New plants will be added for trialing each year, with a three-year trial period to assess whether new varieties should replace current stock. At the end of the third year, if something doesn’t make the cut, it will be pulled.
“Our goal is not to add more varieties; it is to prove ours are the best,” Gregory said. “And I would expect a lot of customers will want to come and look at it, to see what plants are looking best. I almost see it on an annual basis. We have some good sales people, but our best sales vehicle is the nursery. Any time you can get people out there, it is a good thing.”
A customer can only dream
At 4 acres, the display garden at Sebright Gardens (Salem, Oregon) is a notably large garden for a nursery. It started out as a personal garden for co-owner Thomas Johnson.
“I’m a collector and gardener myself, and it just evolved into a display garden for the nursery,” Johnson said.
Johnson moved his business from Oklahoma City in 1998. He has two businesses: one that specializes in irises, and Sebright Gardens that specializes in hostas. He started the garden in 2000, but it was not originally opened to the public.
“For anyone starting a nursery, I think it’s a good thing to do a display garden,” Johnson said, “but it is a tremendous amount of work. I wouldn’t do it on this scale if it wasn’t a labor of love.”
The initial 2½-acre garden was located around the house, and it just kept getting bigger, Johnson said. “Just this last year, I’ve put in the last bed.” He started on the perimeter, slowly filling in and eliminating all the grass as the years passed. Johnson does most of the maintenance himself, as the garden is his passion.
“It’s hard for me to put a value on what goes into it, monetarily — I couldn’t even tell,” Johnson said. “We have a huge amount of plant material that we don’t sell. We could propagate if we wanted, but we don’t. The nursery is well-known, especially for its shade plants and the biggest selection of hostas in this half of the state.”
The garden has become a destination location, with their customers providing the best in word-of-mouth advertising. Visitors can easily wander the garden for three or four hours, Johnson said. Many can be found resting at the gazebo in the garden that is open seven days a week from April to November.

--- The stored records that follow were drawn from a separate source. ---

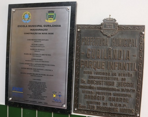 Não foi só a tartaruga que foi levada da velha para a nova Escola Gurilândia, em Campo Mourão, não. A placa da primeira inauguração também. Ela registra o ato de 10 de outubro de 1970. A placa de bronze, aliás, é bem completa: diz que a obra foi iniciada na gestão do prefeito Augustinho Vecchi (primeiro dos três mandatos dele) e concluída e inaugurada pelo prefeito Horácio Amaral.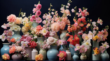 Colorful artificial flowers in vases on a dark blue background.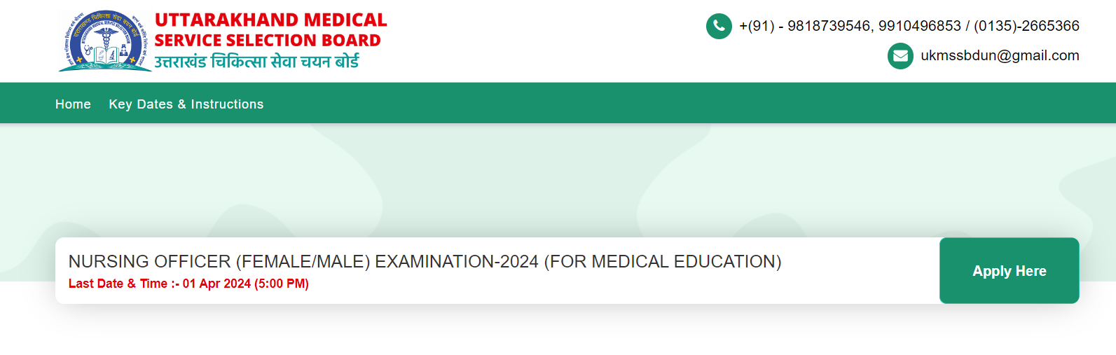 Uttarakhand Nursing Officer Vacancy 2024 notification released by Uttarakhand Medical Service Selection Board (UKMSSB) announcing fresh application dates for 1455 Male and Female Nursing Adhikari positions. After much waiting, the application process for this coveted position officially commenced on 12 March 2024 at https://ukmssb.org/ .

“We have some customers who come by every two weeks just to see what’s flowering in the garden,” Johnson said. “People ask if they can be married here.”
But Johnson said the nursery isn’t zoned for hosting events, and he’s not considering going in that business direction — mostly because the garden surrounds his home.
The location is one thing he would recommend or change about it if he had to do the garden all over again. When asked why he would move the garden away from his house, he responds, “So people don’t have their face plastered up against the window, which has happened,” he said, laughing.
“As a specialty nursery in this day and age, you have to do something different to get people to come see you; otherwise, you are just another nursery,” Johnson said.
“If you can get people to come to your garden and it’s planted in a way that they like, their subconscious goes, ‘If I plant that, my garden will look like that,’” Johnson said. Then, it’s only a few feet to go for customers to buy the plants they just admired.
The sale area and the garden area are separate on his property. Free catalogs are provided in the garden so customers can mark them up as a shopping list, and then head over to the greenhouse where the hostas are arranged in alphabetical order for sale.
Johnson expects the garden to require more and more time to maintain, which is why he’s considering volunteer laborers. He’s heard of other nurseries doing so, and someone at the Hardy Plant Society gave the suggestion.
“I was hesitant, but they said it worked out well,” Johnson said. “It’s a possibility in the future.”